» Prompt
Return the listing below exactly. Leave its pictures out.

» Information supplied
▬▬▬▬▬▬

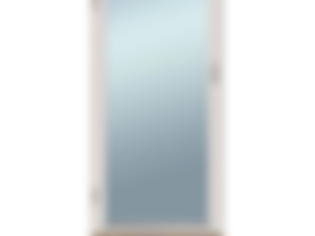 Vit fönsterdörr med helglas. Storlek 8x20, vänsterhängd.
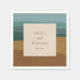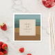 Modern wedding napkins featuring your names and wedding date over an abstract coastal background.
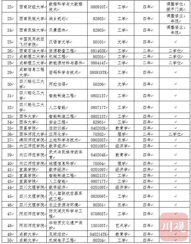 4月22日,教育部正式公布2024年度普通高等学校本科专业备案和审批结果。记者从教育厅获悉,四川高校共新增普通本科专业点48个,新增第二学士学位专业点20个,调整修业年限专业6个,调整学位授予门类专业1个,主动撤销专业点34个。本次备案、审批和调整的专业,将列入相关高校2025年高考招生。

▬▬▬▬▬▬

» Task solution
 Vit fönsterdörr med helglas. Storlek 8x20, vänsterhängd.
 Modern wedding napkins featuring your names and wedding date over an abstract coastal background.
 4月22日,教育部正式公布2024年度普通高等学校本科专业备案和审批结果。记者从教育厅获悉,四川高校共新增普通本科专业点48个,新增第二学士学位专业点20个,调整修业年限专业6个,调整学位授予门类专业1个,主动撤销专业点34个。本次备案、审批和调整的专业,将列入相关高校2025年高考招生。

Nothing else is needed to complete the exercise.